Pore-C is a relatively new method, so its applications have not yet been fully appreciated. A strength of Pore-C over previous methods is its ability to detect interactions between more than two genomic loci. Such high-order interactions enable the study of cellular processes, such as gene expression regulation at a more system-level scale. With statistical methods, Pore-C data can be used to identify cooperative interactions, wherein high-order interactions are observed at a frequency greater than the sum of their expected pairwise contacts. In addition, using ONT long reads, Pore-C can detect DNA methylation, thereby providing an additional layer of epigenetic information to analyze. In the future, Pore-C may be applied to study how the 3D genome changes during developmental processes, such as cellular differentiation. Additionally, Pore-C may be applied to the study of cancer, where the 3D genome is often structurally rearranged, which can result in aberrant gene transcription via processes such as enhancer hijacking.

==Use==

===Advantages===
- Pore-C has a higher efficiency and fidelity compared to previous methods.
- The absence of an amplification step that is required in other chromatin conformation capture methods simplifies the experimental protocol.
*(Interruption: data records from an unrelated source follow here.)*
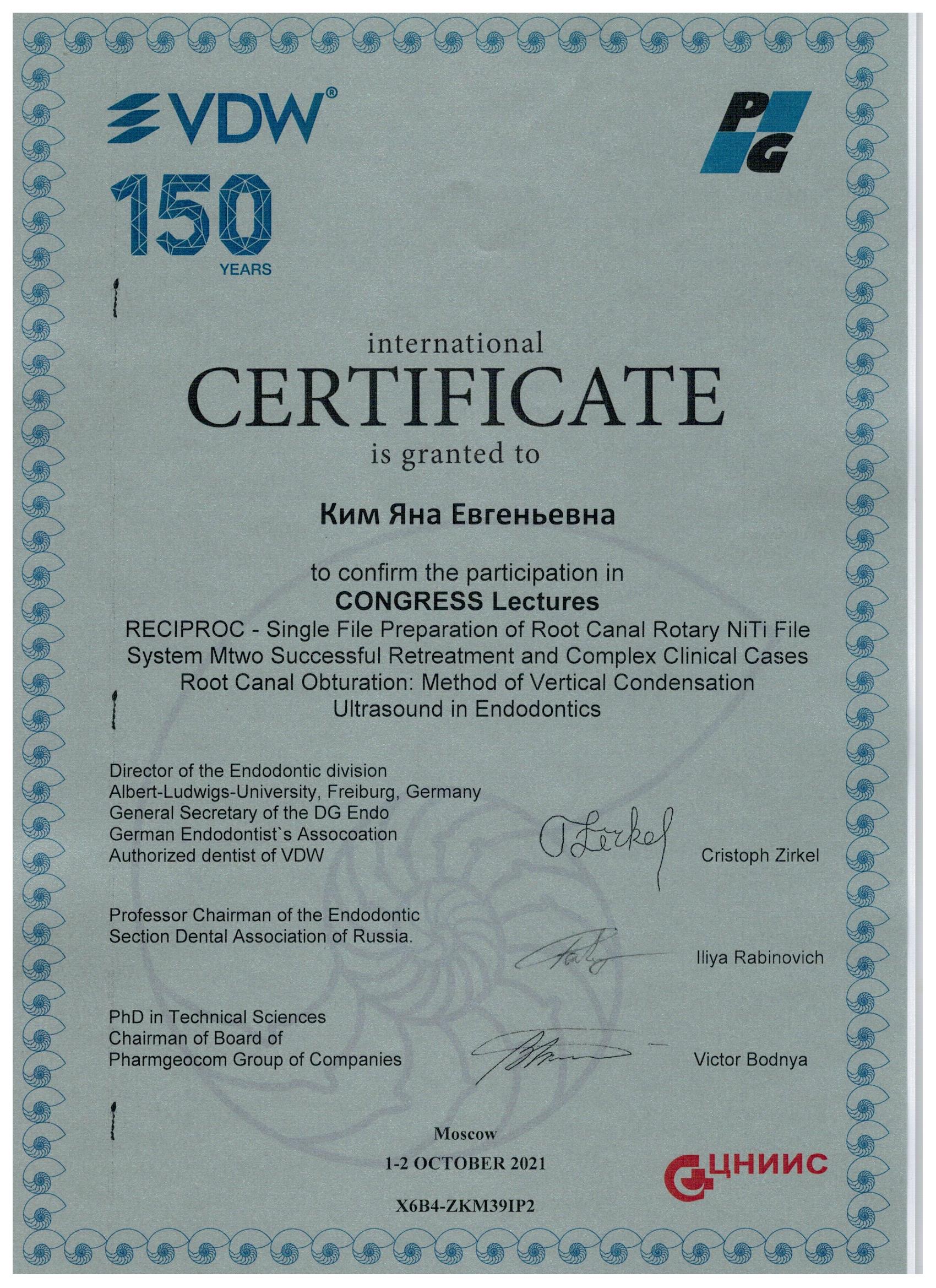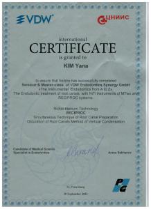 - Seminar&Master-class of VDW Endodontics Synergy GmbH «The Instrumental Endodontics from A to Z». The Endodontic Treatment of root canals with NiTi instruments of Mtwo and Reciproc systems. Лектор Саханов А.А., 2022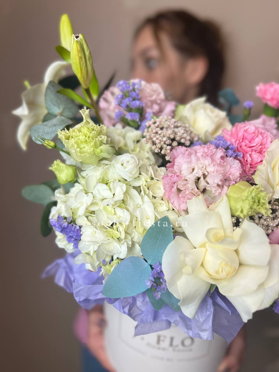 французские розы, кустовые розы, диантусы, матиолла, лагурус, цилиндр D20,  бумага тишью.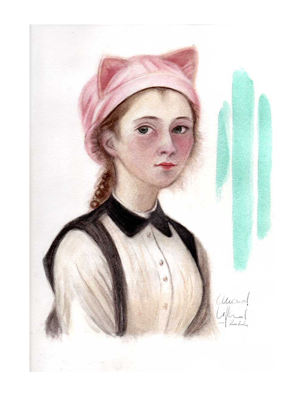 Aquarelle originale 23cmx31cm « Le chapeau »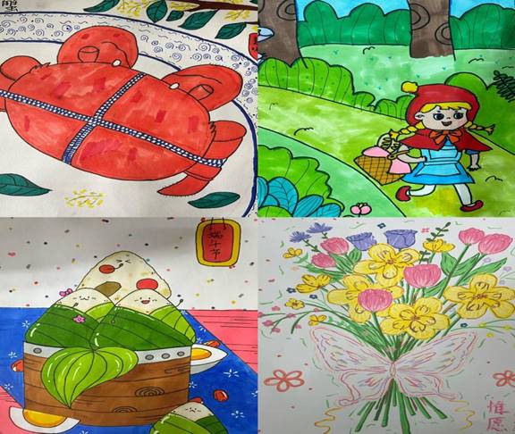5月31日,手工考核和绘画考试在13—D—124教室举行。学生自选主题在规定时间内进行现场手工制作,他们所展出的手工作品设计独特,制作精美,兼具观赏性和教育性。同时,学生的绘画考核按各自抽到的主题在规定的时间内进行创作,绘画考核内容主要有《大闸蟹》、《森林里的小红帽》、《端午节--粽子》、《送给妈妈的一束鲜花》等,学生们用画笔勾勒了精彩的世界,以色彩绘就美好未来。手工和绘画考核凸显了同学们的美术创作、环境创设等方面的专业能力。每件作品都独具匠心,风格各异,充分展示了学前专业学生们的技艺和才华。
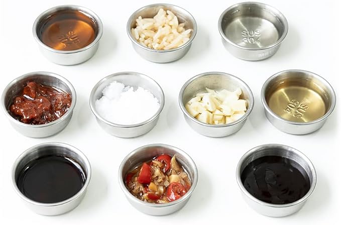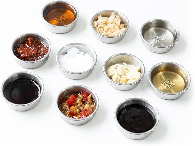 0.5oz Feeding Cups 10pcs, Stainless Steel 304 SUS Metal, Reptile Food Bowls and Water Dish, for Crested Gecko, Lizard Or Other Small Pet Feeder Ledge Accessories Supplies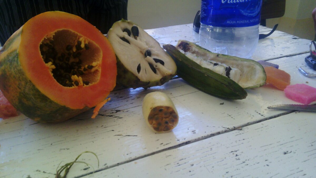 Compramos frutas que para nosotros eran raras: conocÃa a la papaya, pero nunca la habÃa probado. Es hueca por dentro, y su sabor se asemeja al de un durazno grande y desabrido, o al menos eso les pareció a mis papilas inexpertas. También comà chirimoya, en otras partes conocida como guanábana, que me pareció espectacular. El sabor es similar al helado de ananá. Probamos el tumbo, una fruta pequeña y ácida parecida a un saco con huevos de araña. Está llena de pequeñas semillas. La carambola, con forma de estrella alargada, es un cÃtrico con sabor y textura parecida a la naranja. Por último degusté el pacay, fruta que parece un pepino o una chaucha. En su interior contiene semillas revestidas por una pulpa blanca. Lo que se come es la pulpa, que parece algodón de azúcar, solo es un poco más firme y menos dulce. Me encantó ese nombre: pacay. Y todas las frutas me parecieron buenas, incluso las que no me gustaron mucho. Es una sensación difÃcil de describir, pero asà me sentÃ. Supongo que estaba demasiado feliz.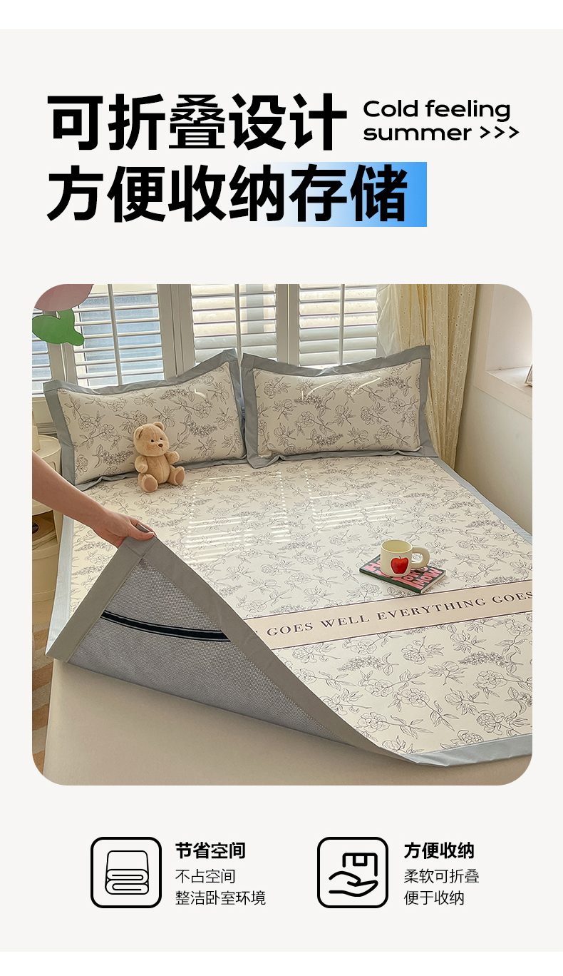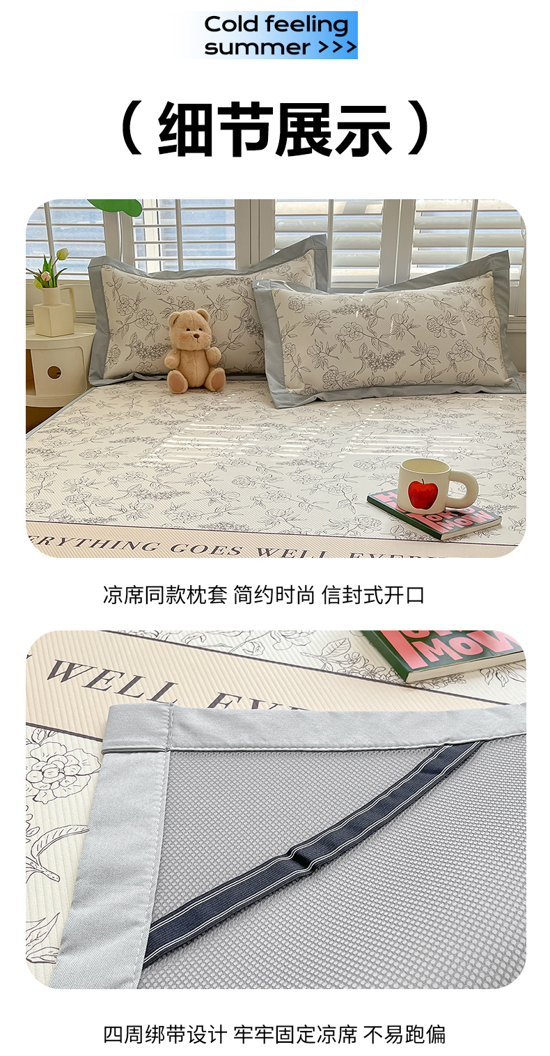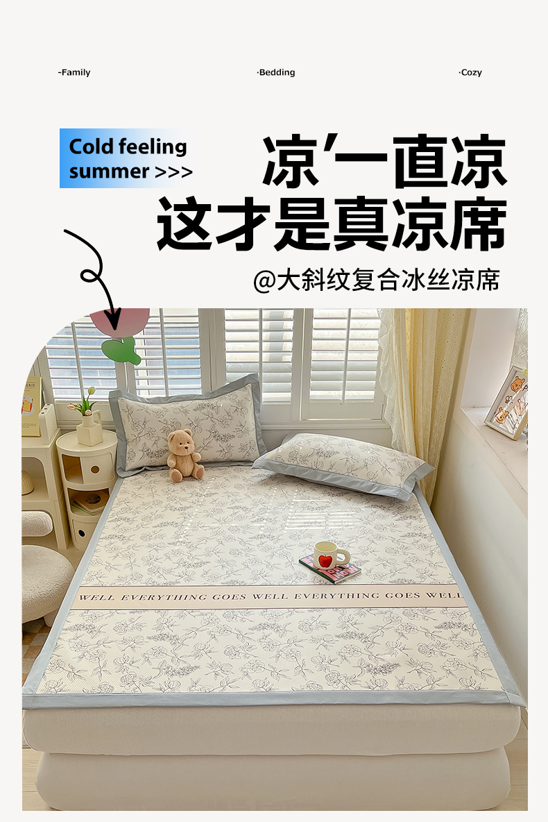 女子家纺 2026新款大斜纹复合冰丝凉席-床席款 午后茶花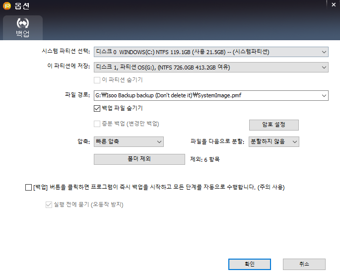 시스템 파티션, 시스템 예약 파티션 및 EFI 파티션을 포함하여 시스템 드라이브를 완전히 백업합니다.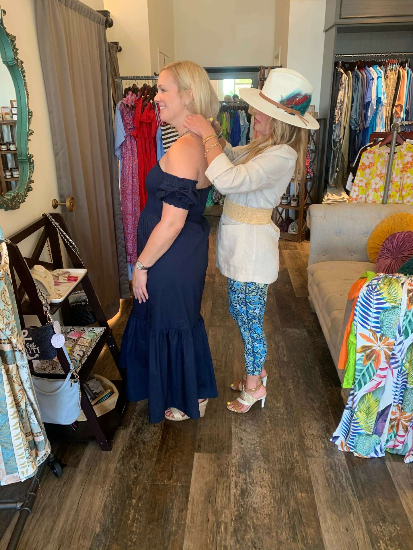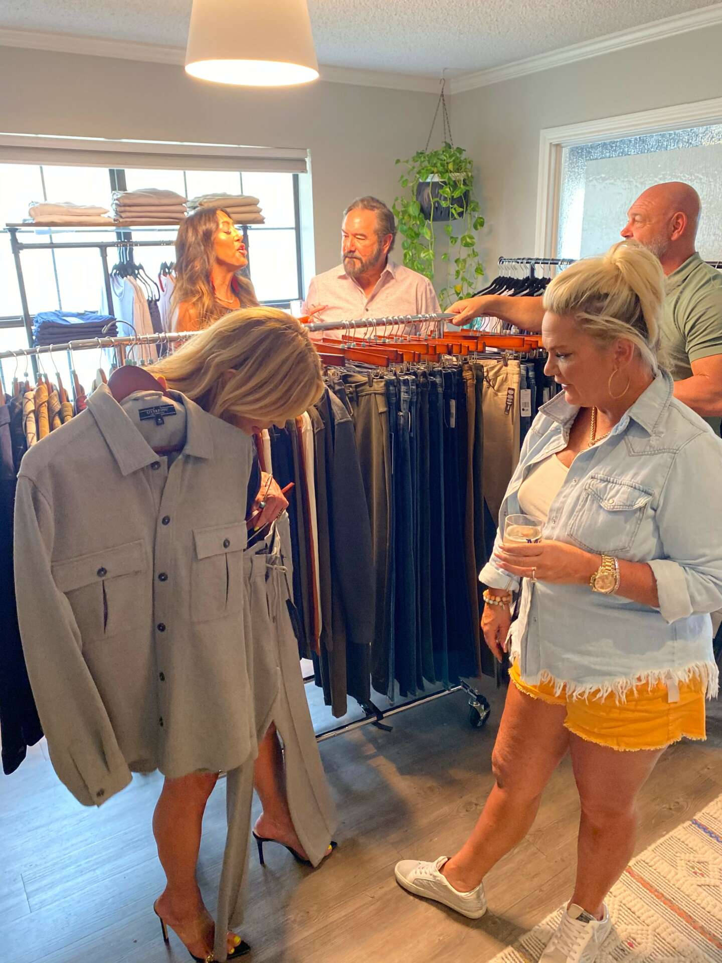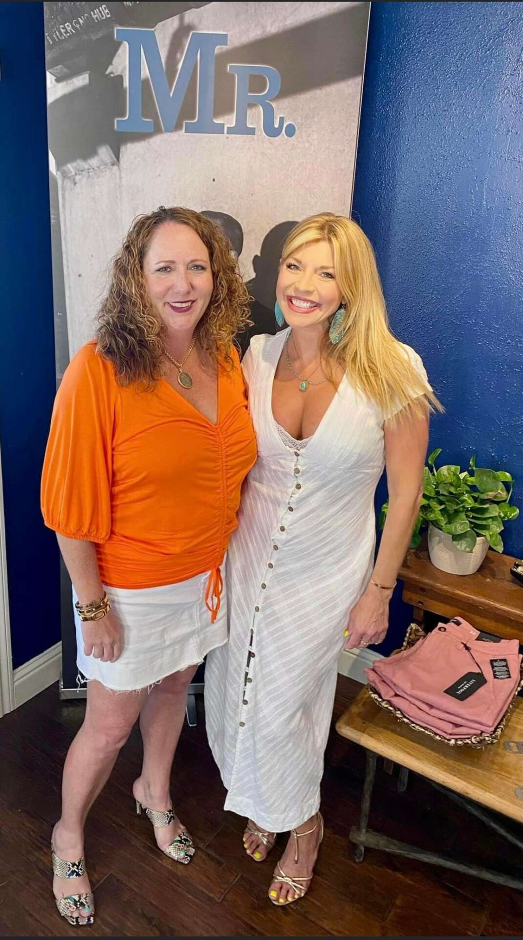 I started in the fashion industry in college, but on the wholesale side, as a sales rep for various designers. Later I began styling on the retail side and quickly found that was much more fulfilling. I love people and connecting. I have since been styling women for 12+ years and it still fires me up. I do a Facebook live fashion show on Wednesday called “Wine Down Wednesday with Rosie” for Scout & Molly’s Southlake, a local boutique, as well as a Instagram stories with our new arrivals called “Try-On Thursday.” I also put orders together and style there every Thursday. Last year I took on a new venture and started a men’s boutique called MR. The idea came about very naturally upon noticing that men really didn’t have many options outside of corporate retail. The business model is similar in that we go live on social media with new arrivals and give examples on how to pair pieces to get the most out of an item. We have had great success since we started last September, and now have a store front in Downtown Roanoke where we host events, shoot our lives, and take private appointments. It’s meant not just to sell clothes, but to build confidence in trying new looks. Men’s fashion for the most part is simple, and we love that. We want our MR’s to feel like themselves but also fashionably relevant. So really whether dressing women or men we just want the customer lifted and confident about themselves through fashion.

Additionally, bisulfite conversion (as is required in Methyl-HiC) is not required when detecting DNA methylation.
- Pore-C can detect more higher order interactions than Hi-C and other previous methods, because concatemers can span multiple chromosomes and detect distal interactions. Previously, these interactions have been understudied because of the limitations of previous methods.
- Because ONT long-read sequencing can detect DNA methylation, Pore-C can be extended to characterize epigenetic interactions and their relationship with chromatin topology.

===Limitations===
- Oxford Nanopore sequencing technology is costly, and therefore Pore-C is more expensive per run when compared to other chromatin conformation capture techniques.
- Pore-C throughput is relatively low when compared to other techniques, particularly due to DNA-bound proteins clogging sequencing pores. This can cause it to be less efficient, especially when combined with its relatively high cost per run. However, recent work has shown that the throughput can be increased by treating DNA fragments with proteases to reduce clogging.
- Because it relies on ONT long-read sequencing technology, Pore-C is subject to the same limitations. For example, longer reads can be less accurate when compared to shorter reads.
- Because Pore-C is a newer technique, it is relatively unproven and has not been tested to the same extent as other chromatin conformation capture techniques.